I've been too sick to work on my truck projects outdoors, and those hydronic heaters I sourced from Canada managed to get held up at customs during a chaotic week on the borders. It *has* given me the time to delve into the hydraulic systems in the manuals and such. Pre-heating the reservoirs from the hydronic unit, hmmm... first, I was thinking put some sort of heat exchanger inside the reservoirs w/ some bulkhead couplers, but now I'm thinking they should go under the reservoirs, with bypass valves to cut 'em in & out of the coolant circuit. The reservoirs will sit about 1" higher as a result.
Which got me to thinking about those reservoirs and everything else, to run the increased hydraulic power I'm after for the snowblower, brush hog, and UHP fire-suppression system, all of which I'd like to adapt to the SEE (which can't run any of 'em, stock). What I'm thinking, is replace the PTO-drive hydraulic pump with that Eaton unit I linked to before. Now I'm trying to identify what parts of the SEE's rear-hydraulic system aren't up to the increased PSI. So far, definitely the bulkhead couplers on the reservoir will need replacing. Not a big deal.
I'm back to thinking the snowblower will raise/lower and tilt, off the front hydraulics -- I'll be able to raise/lower while driving, to maneuver around obstacles, for one thing. But the hoses going to the quick-attach adapter, will be powered by the PTO to operate the fans & chute. The pressure will be reduced for the backhoe.

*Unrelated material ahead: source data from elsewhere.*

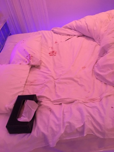 デリバリーヘルス(通称:デリヘル)の女性がホテルで客に切りつけられる殺人未遂または傷害事件が起き、被害者女性がTwitterに現場の画像を載せ投稿していました。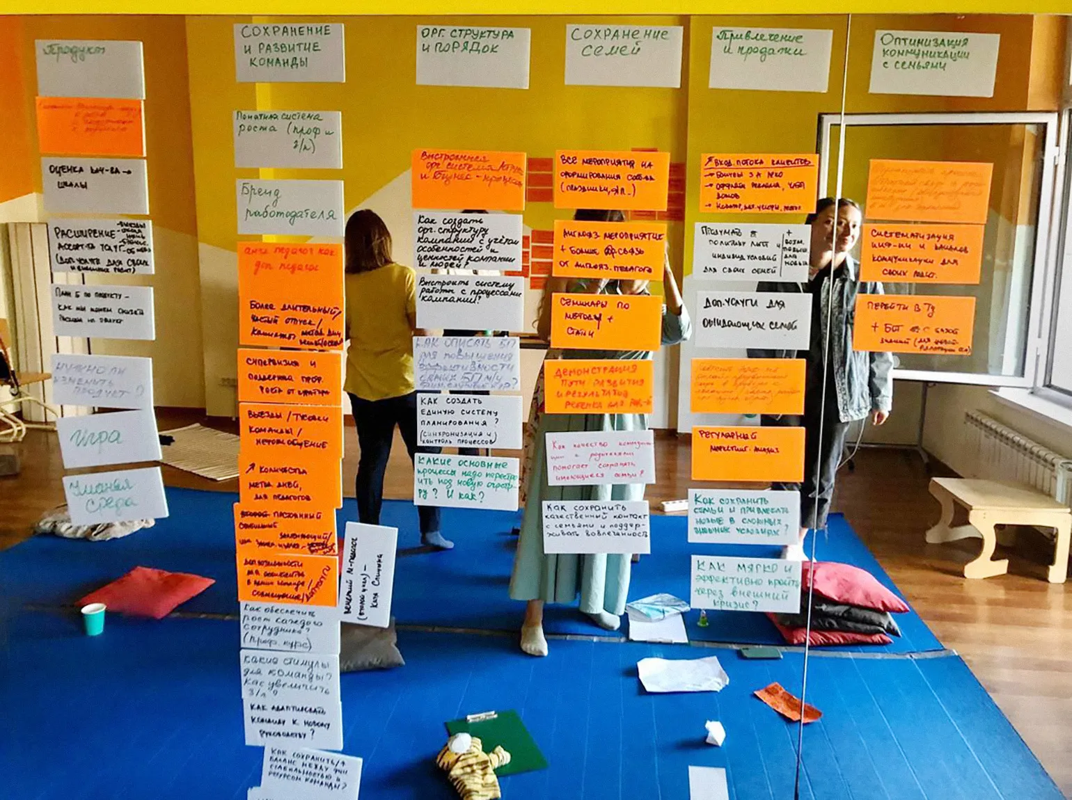 • через неделю мы провели стратегические сессии для малых групп по направлениям (администрация, отдел маркетинга и сотрудники, работающие с детьми и родителями) чтобы заземлить ценности до практической работы: от приёма новых учеников и разрешения конфликтов до HR-процессов. С детьми эти ценности также потом обсудили на кругах, переводя в понятные для них примеры.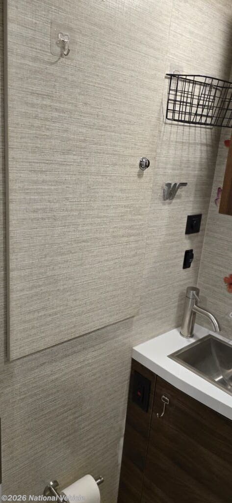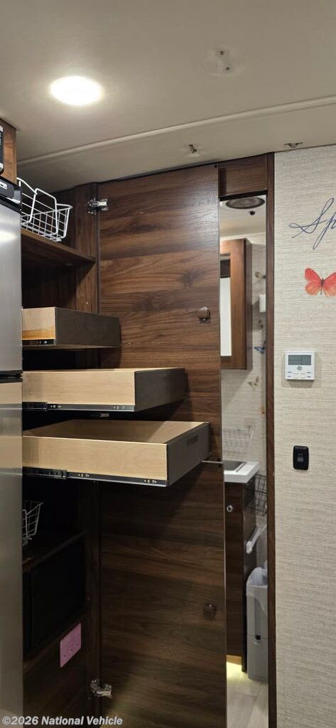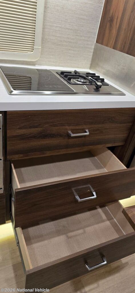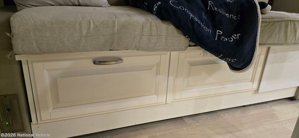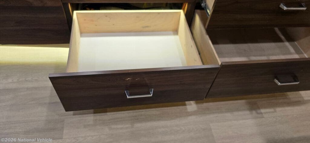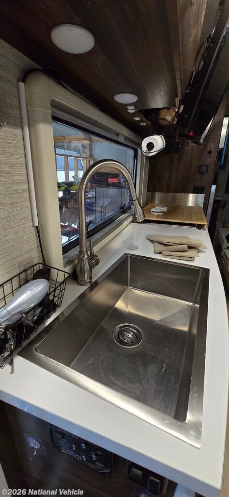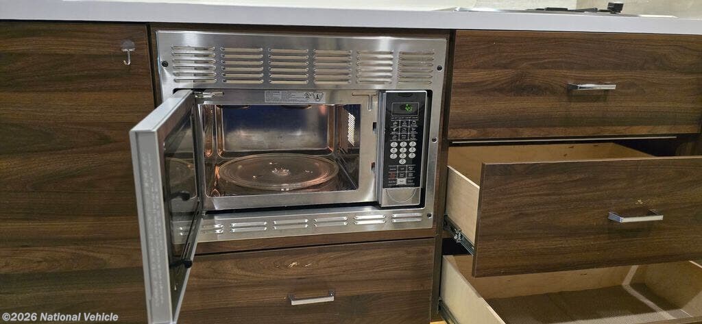 The well-equipped kitchen is designed for convenience on the road with ample cabinet storage and quiet close drawers. The large one bay sink allows for easier washing of dishes.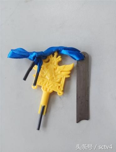 记者看到,打火石就是一根小细棍,它被包装成了玩具兵器的样子,另外还附带了一个刀片。但外包装上既没有厂家厂址,也没有产品说明等信息。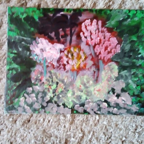maleri kvinde og plante, acryl på lærred 50x70 cm, K.P.

I was out straddling a small ditch to move some snow piles earlier, it's been warm so they were heavy slushy loads for the SEE. While it was fun driving my marshmallow around with heavy loads elevated up front, slipping sliding and spinning in & out of the ditch at too-radical of angles for any other backhoe to not just get stuck even with decent tires & chains... I was still picturing just driving along straight, and blowing all that crud over the fence into the deeper ditch next to the county road.
First-under in low range @ 2K RPM is crawling. Maybe in the future I'll decide to lower the gear or bump up the motor's HP. What I can't wait to see, is that snowblower's hydrostatic clutch taking all the power I'm not using to move the Mog, and put it into obliterating a heavy/chunky windrow. Being able to do that, no matter how slowly, would be faster, more efficient, with less wear & tear on the SEE than the work I asked of it this morning. I had fun doing that, waving at the neighbors and all, don't get me wrong! But I'd have been happier getting that done pushing the kind of monster 6' snowblower capable of doing that job, with a truck capable of actually getting it there! I can't picture a skid-steer pushing the same snowblower along that ditch.
In KISS terms, it makes more sense to upgrade the rear hydraulics, than it does to add another PTO to the truck. If anyone knows what other problems I'll run into aside from the bulkhead couplers, I'm all ears! I doubt I'll get it done in time to need the snowblower this season, but I'll have plenty of work for that brush hog this summer.